(Records drawn from a dataset)

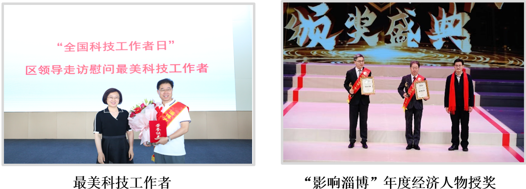 2021年度“創新淄博年度領秀人物”、2021年度“影響淄博”年度創新人物、2023年度 “影響淄博”年度經濟人物、首屆“淄博市質量領軍人物”、“淄博最美人大代表”等榮譽稱號,并作為市人大代表參加第十六屆人民代表大會第四次會議,勇擔社會責任,助力當地經濟發展。
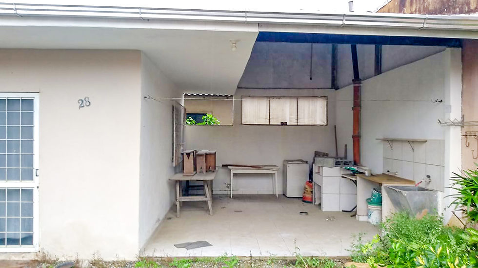 mais um banheiro, sala e cozinha conjugadas e varanda com fogão a lenha.
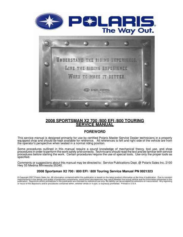 2008 Polaris 19715194 PS7E8E2SM Sportsman 700 Efi 800 Efi pdf Manual
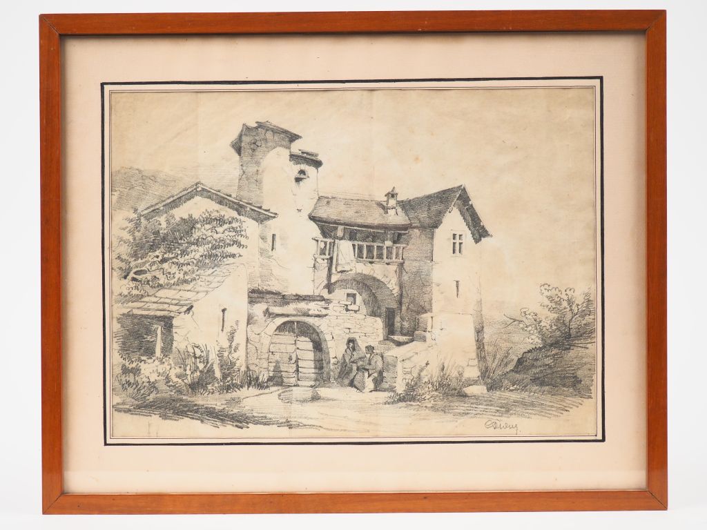 Ecole française XIXème. "Discussion dans l'escalier". Dessin au crayon signé en bas à droite. Dim. 25 x 35 cm. (pliure et petites rousseurs)
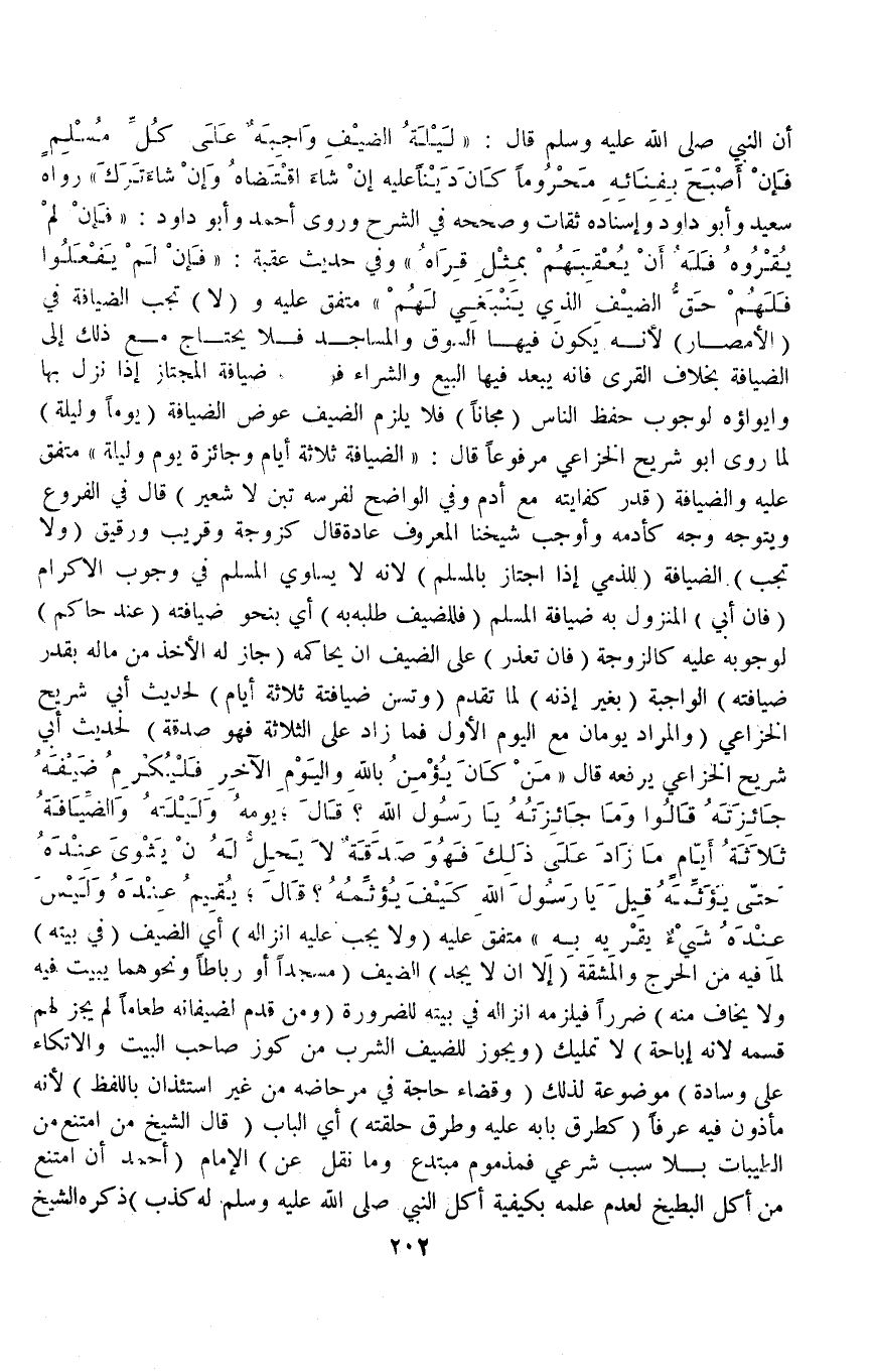 أَنَّ النَّبِيَّ - صَلَّى اللَّهُ عَلَيْهِ وَسَلَّمَ - قَالَ: «لَيْلَةُ الضَّيْفِ وَاجِبَةٌ عَلَى كُلِّ مُسْلِمٍ فَإِنْ أَصْبَحَ بِفِنَائِهِ مَحْرُومًا كَانَ دَيْنًا عَلَيْهِ إنْ شَاءَ اقْتَضَاهُ وَإِنْ شَاءَ تَرَكَ» رَوَاهُ سَعِيدٌ وَأَبُو دَاوُد وَإِسْنَادُهُ ثِقَاتٌ وَصَحَّحَهُ فِي الشَّرْحِ.
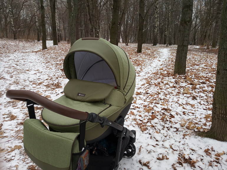 Коляска наша первая, ездили с рождения (июль) до марта в люльке: большая и вместительная, ребенок еще влезал в люльку в теплом комбезе весной.
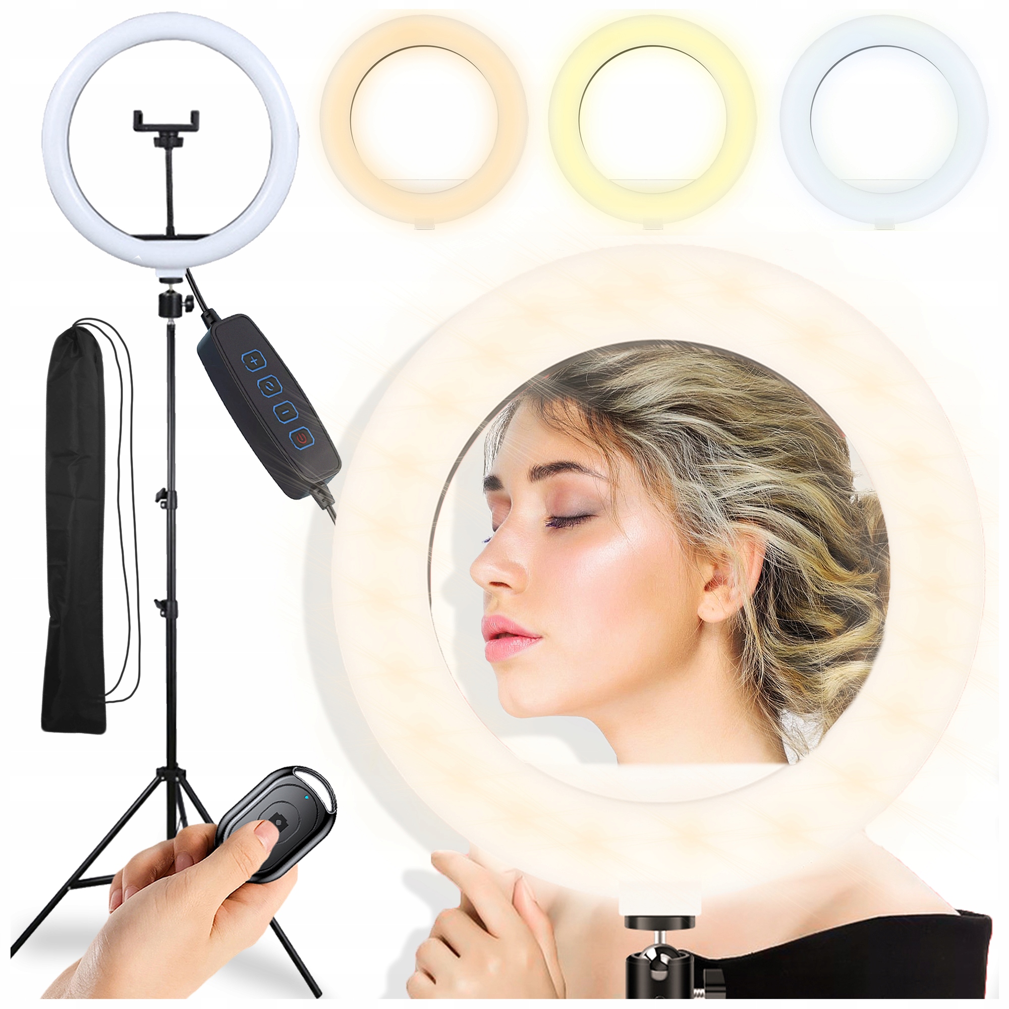 забезпечує рівномірне, м'яке освітлення обличчя та персоналу. Тіні та підкреслює природну красу шкіри - ідеально підходить для фотографій, макіяжу та фільмів.
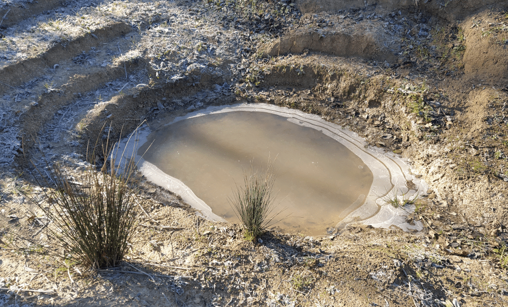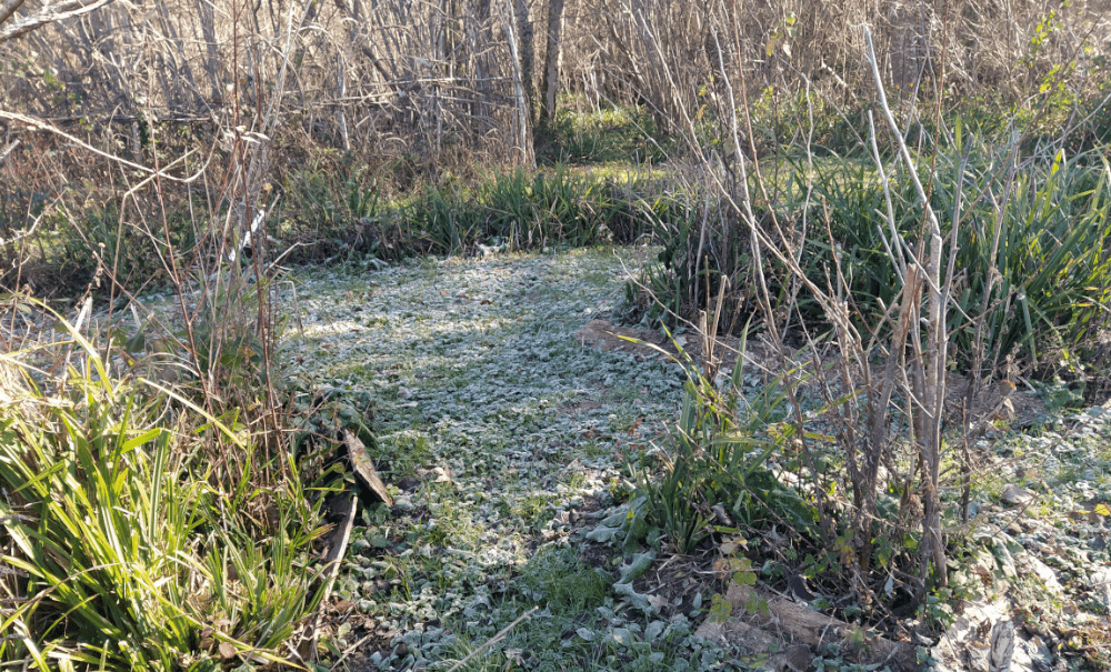 Le terrain, tel un réfrigérateur avec congélateur, semble compartimenté. Un bon quart de l’espace est délicatement givré.
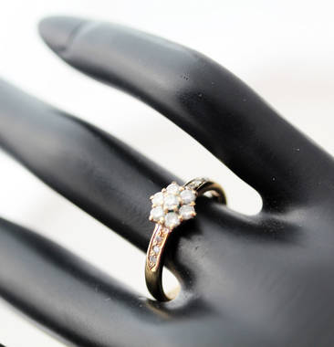 This very pretty ring is a classic example from a bygone era. The ring head is a flower design created by 7 round faceted diamonds, claw set in yellow 9ct gold. Adding to the beauty is the detailing on the shoulders of the ring in the form of three round faceted diamonds claw set flush within a groove in the shank. The effect from above is a continuous line of sparkling diamonds, emanating from the ring head. The ring's pedigree evident in the hallmarks; '375' for 9ct gold, the Birmingham assay and '0.34' for the diamond carat authentication. It would make a beautiful little engagement ring or just a pretty vintage piece of England to treasure and keep. The ring has been checked and authenticated by an independent jeweller and his certificate for R7'600 will accompany the ring, which I will send in a quality ring box.
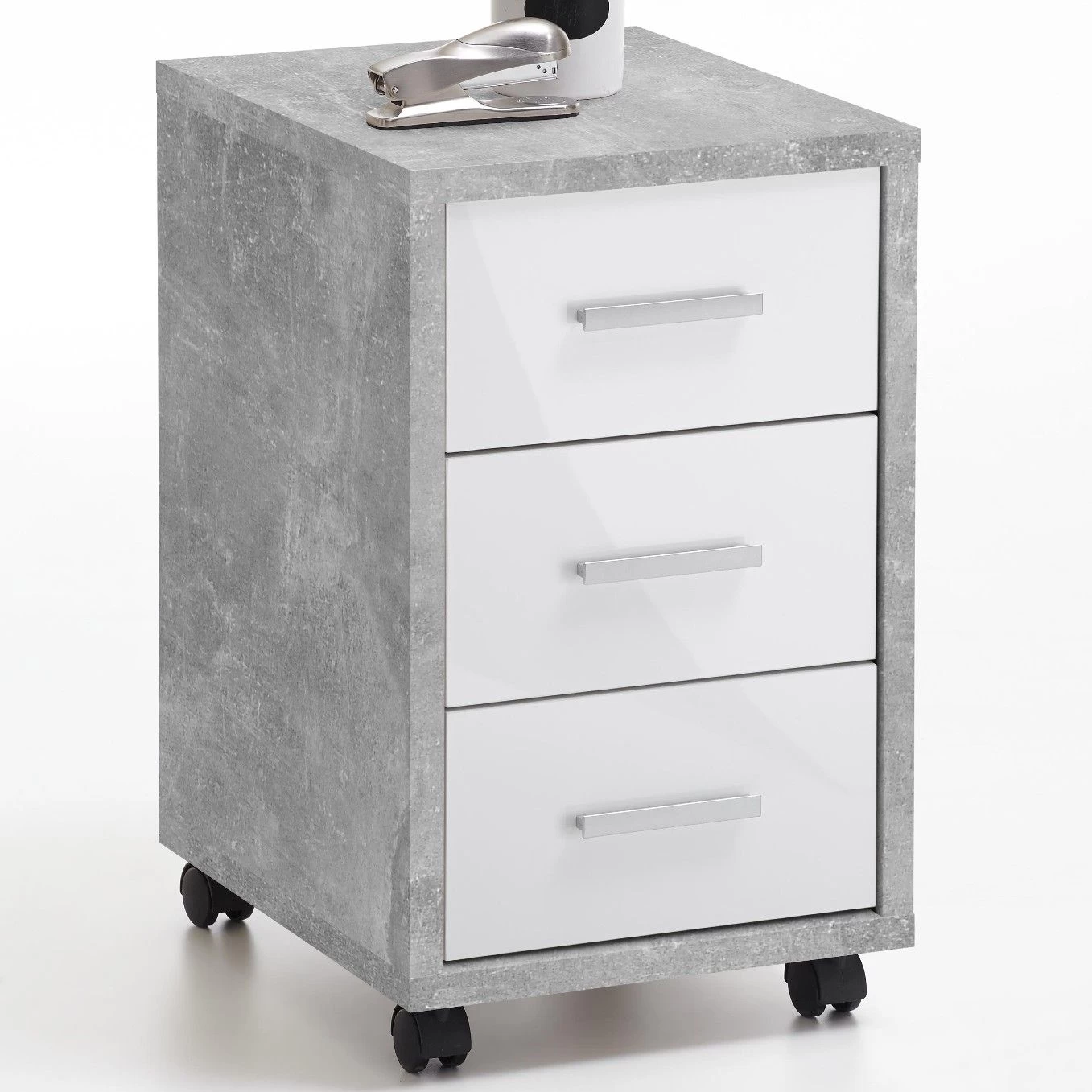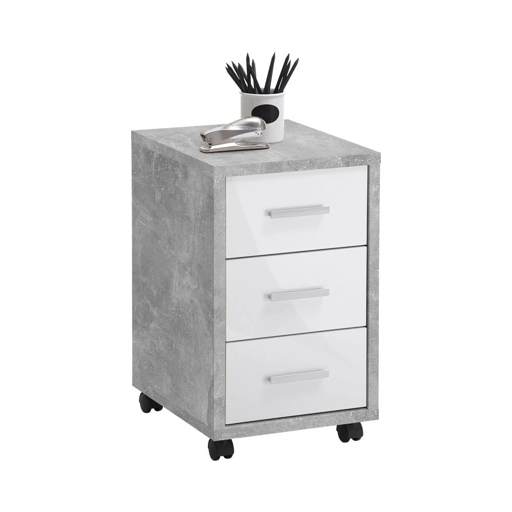 Het ladeblok Diego is een handige aanvulling voor jouw bureau. In de drie lades kan je schriften, mappen, boeken en andere kantoorartikelen netjes opbergen. Bovendien verplaats je het ladeblok makkelijk dankzij de wieltjes. Het meubel is vervaardigd uit spaanplaat met betonlook, de lades hebben een wit glanzende façade.

* _TASK BRIEF_
Could the data above be returned in full, exactly, with every image left out?

* _WORKED SOLUTION_
 2021年度“創新淄博年度領秀人物”、2021年度“影響淄博”年度創新人物、2023年度 “影響淄博”年度經濟人物、首屆“淄博市質量領軍人物”、“淄博最美人大代表”等榮譽稱號,并作為市人大代表參加第十六屆人民代表大會第四次會議,勇擔社會責任,助力當地經濟發展。
 mais um banheiro, sala e cozinha conjugadas e varanda com fogão a lenha.
 2008 Polaris 19715194 PS7E8E2SM Sportsman 700 Efi 800 Efi pdf Manual
 Ecole française XIXème. "Discussion dans l'escalier". Dessin au crayon signé en bas à droite. Dim. 25 x 35 cm. (pliure et petites rousseurs)
 أَنَّ النَّبِيَّ - صَلَّى اللَّهُ عَلَيْهِ وَسَلَّمَ - قَالَ: «لَيْلَةُ الضَّيْفِ وَاجِبَةٌ عَلَى كُلِّ مُسْلِمٍ فَإِنْ أَصْبَحَ بِفِنَائِهِ مَحْرُومًا كَانَ دَيْنًا عَلَيْهِ إنْ شَاءَ اقْتَضَاهُ وَإِنْ شَاءَ تَرَكَ» رَوَاهُ سَعِيدٌ وَأَبُو دَاوُد وَإِسْنَادُهُ ثِقَاتٌ وَصَحَّحَهُ فِي الشَّرْحِ.
 Коляска наша первая, ездили с рождения (июль) до марта в люльке: большая и вместительная, ребенок еще влезал в люльку в теплом комбезе весной.
 забезпечує рівномірне, м'яке освітлення обличчя та персоналу. Тіні та підкреслює природну красу шкіри - ідеально підходить для фотографій, макіяжу та фільмів.
 Le terrain, tel un réfrigérateur avec congélateur, semble compartimenté. Un bon quart de l’espace est délicatement givré.
 This very pretty ring is a classic example from a bygone era. The ring head is a flower design created by 7 round faceted diamonds, claw set in yellow 9ct gold. Adding to the beauty is the detailing on the shoulders of the ring in the form of three round faceted diamonds claw set flush within a groove in the shank. The effect from above is a continuous line of sparkling diamonds, emanating from the ring head. The ring's pedigree evident in the hallmarks; '375' for 9ct gold, the Birmingham assay and '0.34' for the diamond carat authentication. It would make a beautiful little engagement ring or just a pretty vintage piece of England to treasure and keep. The ring has been checked and authenticated by an independent jeweller and his certificate for R7'600 will accompany the ring, which I will send in a quality ring box.
 Het ladeblok Diego is een handige aanvulling voor jouw bureau. In de drie lades kan je schriften, mappen, boeken en andere kantoorartikelen netjes opbergen. Bovendien verplaats je het ladeblok makkelijk dankzij de wieltjes. Het meubel is vervaardigd uit spaanplaat met betonlook, de lades hebben een wit glanzende façade.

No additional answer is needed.